⟨

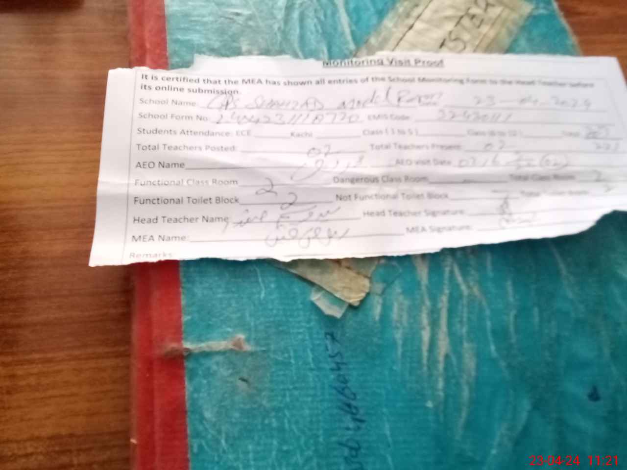 | Attendance Register | Head Teacher | MEA with School | Visit Proof |
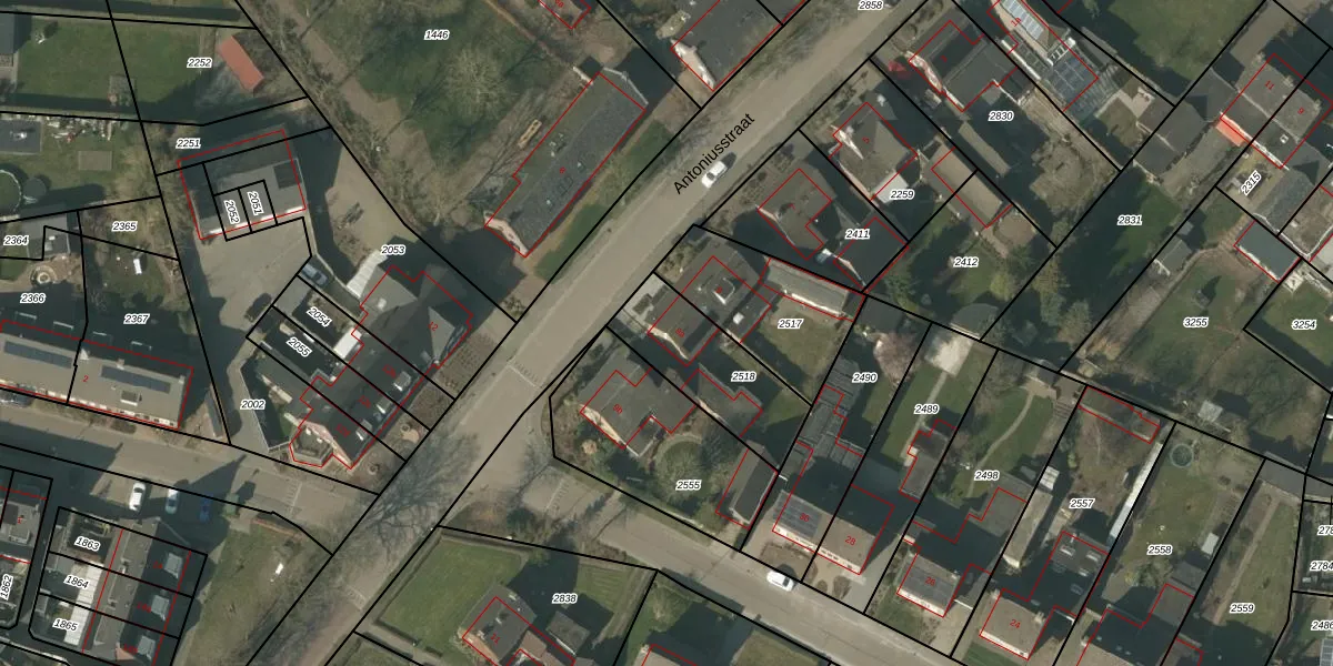 Het perceel waarop Antoniusstraat 9-a staat heeft een oppervlakte van 352 m². Dit is een groot perceel. De perceeloppervlakte wordt geregistreerd door het Kadaster. Gedetailleerde informatie over de maten van dit perceel kunt u vinden in het rapport Kadastrale kaart met maatvoering van Antoniusstraat 9-a.
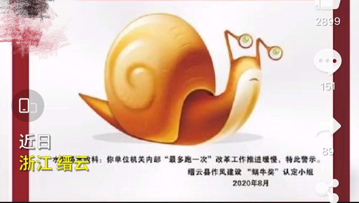 日前,浙江丽水缙云县就举办了这样一场别样的颁奖礼。两家因工作作风出现问题的单位,拿到了作风建设“蜗牛奖”。此事一经曝光,在网上引发广泛关注,不少网友对该县处罚举措点赞,认为应全国推广。
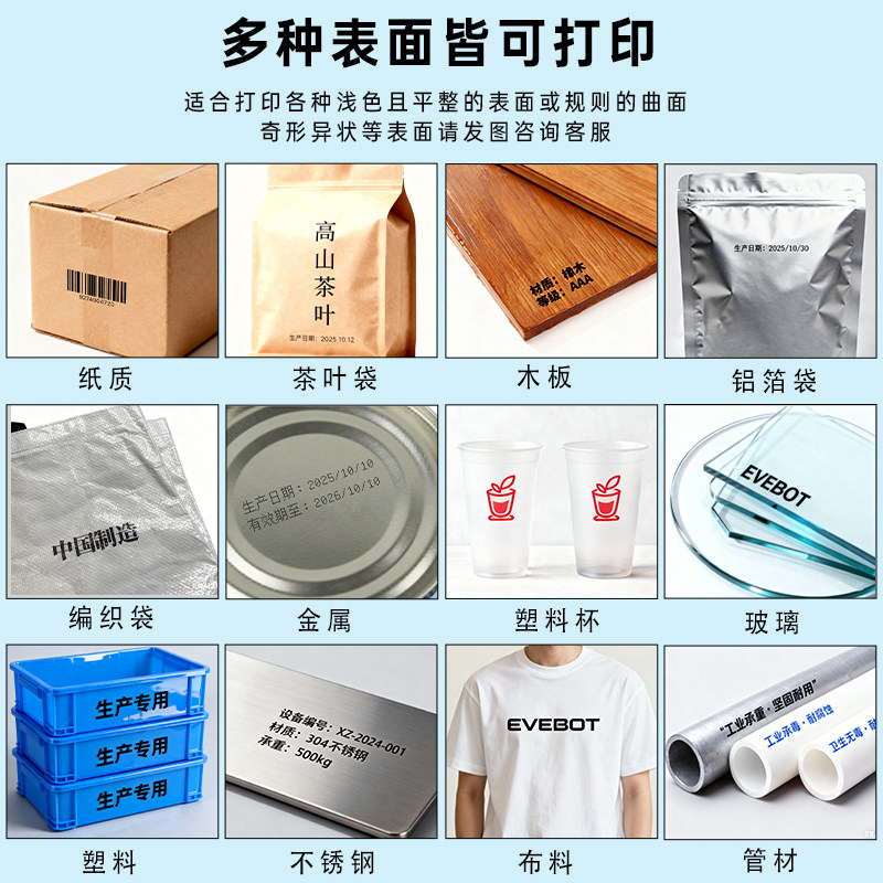EVEBOT亿瓦手持打印机手持喷码机塑料袋金属纸箱衣服diy商标2.6大尺寸生产日期二维码标签logo快干防水打码机
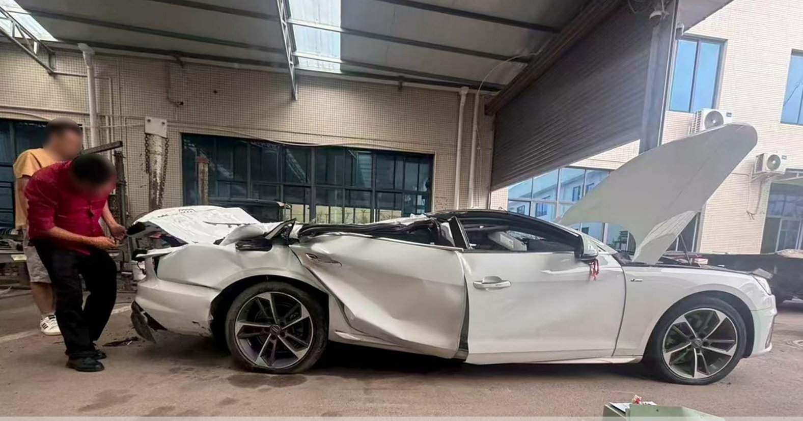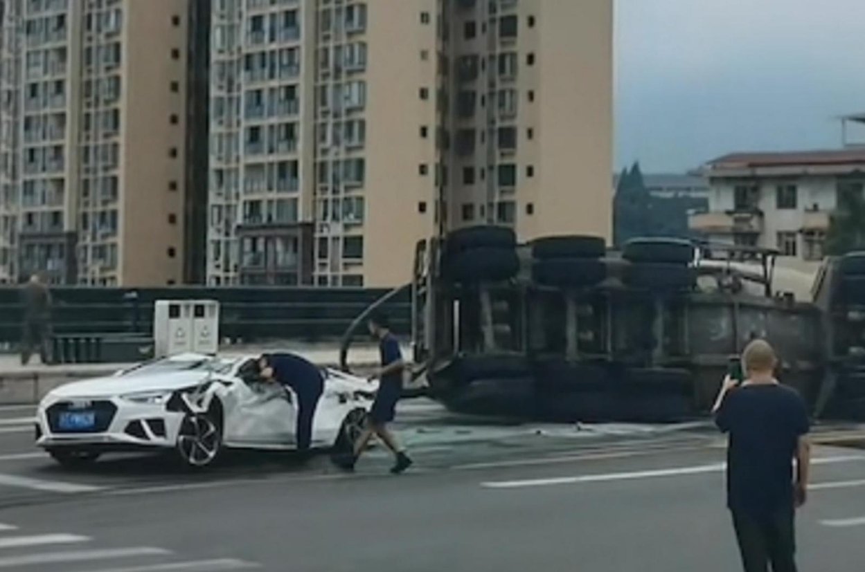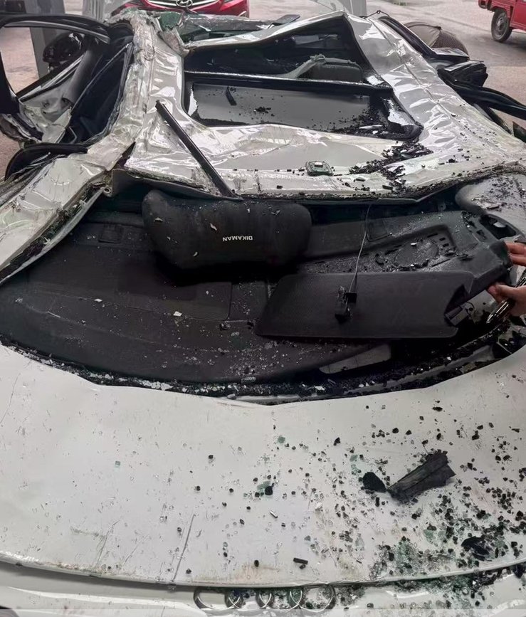 没人能预料到下一秒的危险。一辆满载水泥的罐车在过弯时突然失控侧翻,40 余吨的车身裹挟着碎石与粉尘,如同庞然大物般砸向李先生的 A4L。“当时只听见‘轰隆’一声巨响,整个车都被压得往下沉,我脑子里一片空白,只想着‘完了’。” 事后回忆起那一幕,李先生的声音仍带着一丝颤抖,但更多的是庆幸,“等我反应过来,试着推车门,居然能推开!除了胳膊有点擦伤,身上一点大事都没有。”

⟩

Please transcribe each line above exactly, but leave the images out.

### Response
 | Attendance Register | Head Teacher | MEA with School | Visit Proof |
 Het perceel waarop Antoniusstraat 9-a staat heeft een oppervlakte van 352 m². Dit is een groot perceel. De perceeloppervlakte wordt geregistreerd door het Kadaster. Gedetailleerde informatie over de maten van dit perceel kunt u vinden in het rapport Kadastrale kaart met maatvoering van Antoniusstraat 9-a.
 日前,浙江丽水缙云县就举办了这样一场别样的颁奖礼。两家因工作作风出现问题的单位,拿到了作风建设“蜗牛奖”。此事一经曝光,在网上引发广泛关注,不少网友对该县处罚举措点赞,认为应全国推广。
EVEBOT亿瓦手持打印机手持喷码机塑料袋金属纸箱衣服diy商标2.6大尺寸生产日期二维码标签logo快干防水打码机
 没人能预料到下一秒的危险。一辆满载水泥的罐车在过弯时突然失控侧翻,40 余吨的车身裹挟着碎石与粉尘,如同庞然大物般砸向李先生的 A4L。“当时只听见‘轰隆’一声巨响,整个车都被压得往下沉,我脑子里一片空白,只想着‘完了’。” 事后回忆起那一幕,李先生的声音仍带着一丝颤抖,但更多的是庆幸,“等我反应过来,试着推车门,居然能推开!除了胳膊有点擦伤,身上一点大事都没有。”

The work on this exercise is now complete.